**EXERCISE REQUIREMENTS:**
Below are the records; retype them exactly and omit each picture.

═══ EXCERPTED DATA

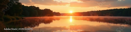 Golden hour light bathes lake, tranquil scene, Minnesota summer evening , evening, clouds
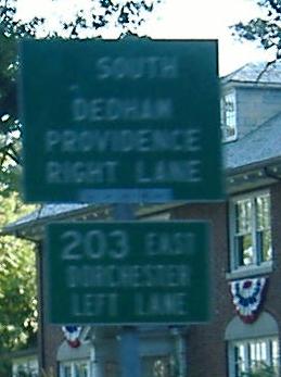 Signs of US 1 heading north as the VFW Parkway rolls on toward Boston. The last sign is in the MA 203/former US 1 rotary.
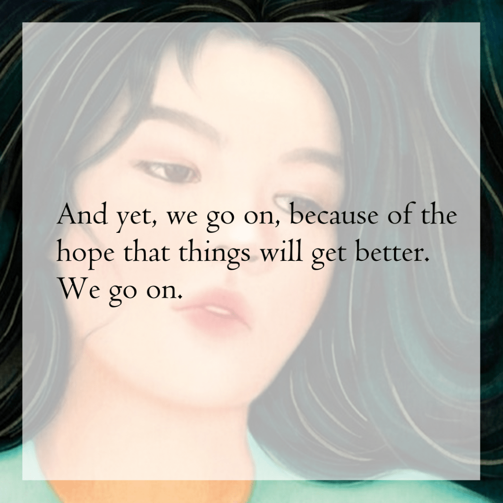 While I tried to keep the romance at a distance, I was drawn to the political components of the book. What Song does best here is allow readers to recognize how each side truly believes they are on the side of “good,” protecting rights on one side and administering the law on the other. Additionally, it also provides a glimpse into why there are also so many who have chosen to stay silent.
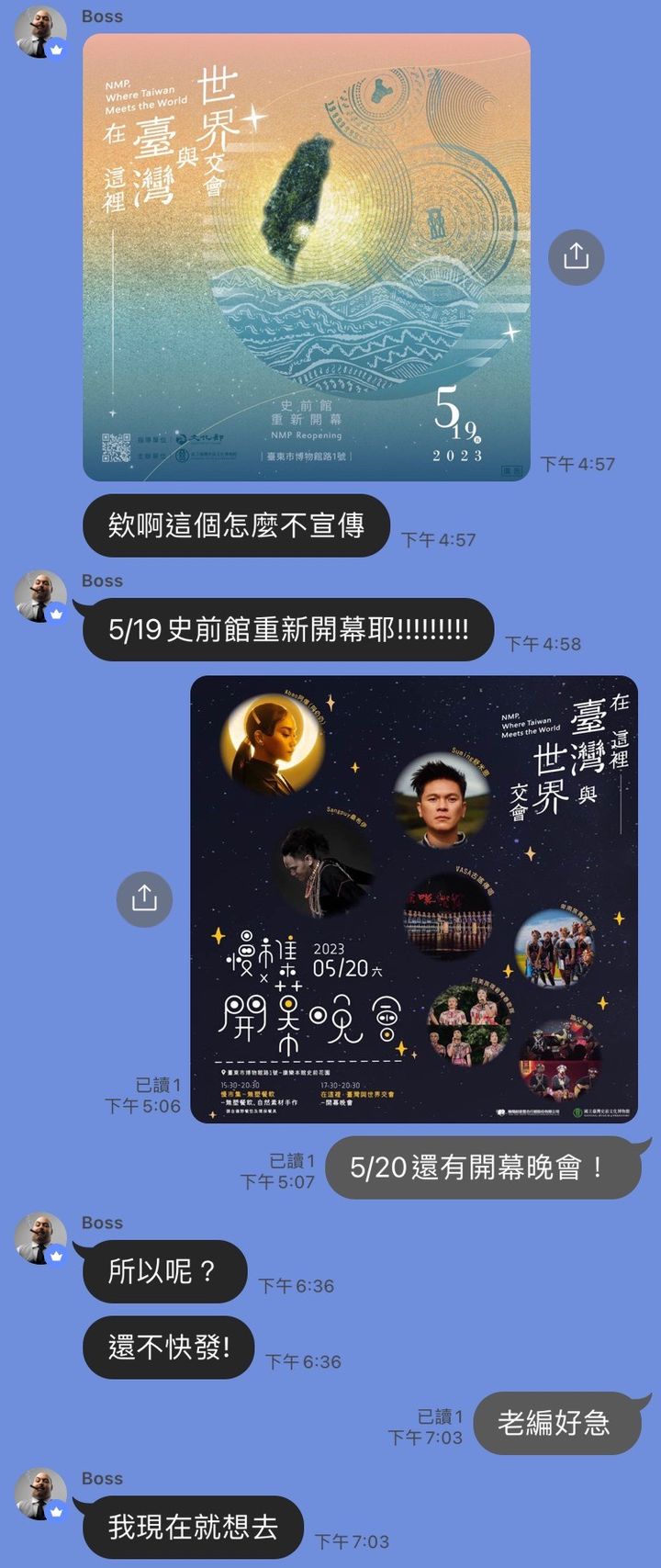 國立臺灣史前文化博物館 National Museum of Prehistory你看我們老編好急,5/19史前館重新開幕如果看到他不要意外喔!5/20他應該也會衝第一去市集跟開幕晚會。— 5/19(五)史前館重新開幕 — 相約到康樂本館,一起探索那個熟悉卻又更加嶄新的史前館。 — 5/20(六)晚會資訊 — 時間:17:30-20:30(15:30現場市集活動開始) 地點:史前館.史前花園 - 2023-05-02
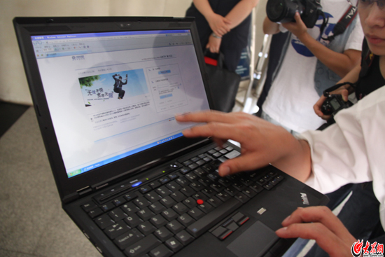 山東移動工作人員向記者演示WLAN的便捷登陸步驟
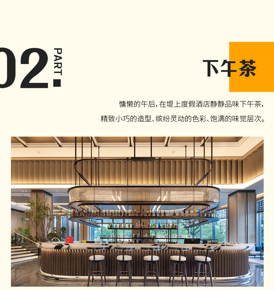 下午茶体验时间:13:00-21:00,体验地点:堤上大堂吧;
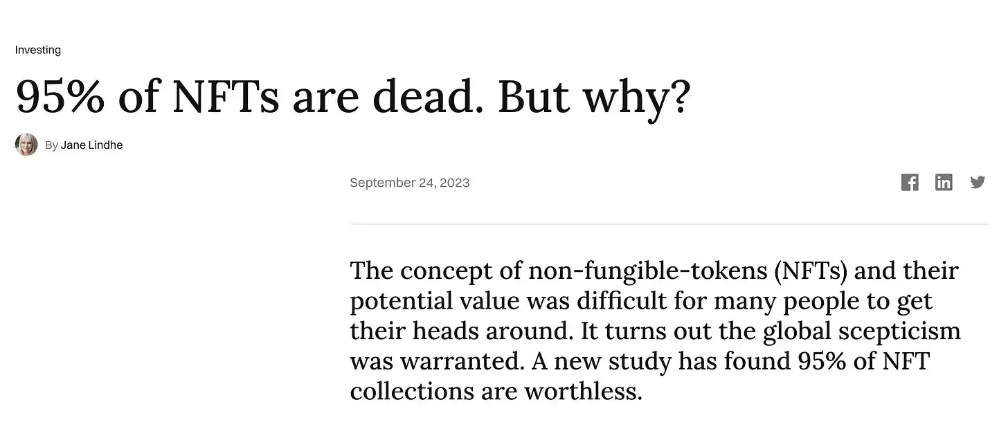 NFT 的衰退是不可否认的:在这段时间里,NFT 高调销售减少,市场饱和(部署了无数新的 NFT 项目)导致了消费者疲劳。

══════

**SOLUTION:**
 Golden hour light bathes lake, tranquil scene, Minnesota summer evening , evening, clouds
 Signs of US 1 heading north as the VFW Parkway rolls on toward Boston. The last sign is in the MA 203/former US 1 rotary.
 While I tried to keep the romance at a distance, I was drawn to the political components of the book. What Song does best here is allow readers to recognize how each side truly believes they are on the side of “good,” protecting rights on one side and administering the law on the other. Additionally, it also provides a glimpse into why there are also so many who have chosen to stay silent.
 國立臺灣史前文化博物館 National Museum of Prehistory你看我們老編好急,5/19史前館重新開幕如果看到他不要意外喔!5/20他應該也會衝第一去市集跟開幕晚會。— 5/19(五)史前館重新開幕 — 相約到康樂本館,一起探索那個熟悉卻又更加嶄新的史前館。 — 5/20(六)晚會資訊 — 時間:17:30-20:30(15:30現場市集活動開始) 地點:史前館.史前花園 - 2023-05-02
 山東移動工作人員向記者演示WLAN的便捷登陸步驟
 下午茶体验时间:13:00-21:00,体验地点:堤上大堂吧;
 NFT 的衰退是不可否认的:在这段时间里,NFT 高调销售减少,市场饱和(部署了无数新的 NFT 项目)导致了消费者疲劳。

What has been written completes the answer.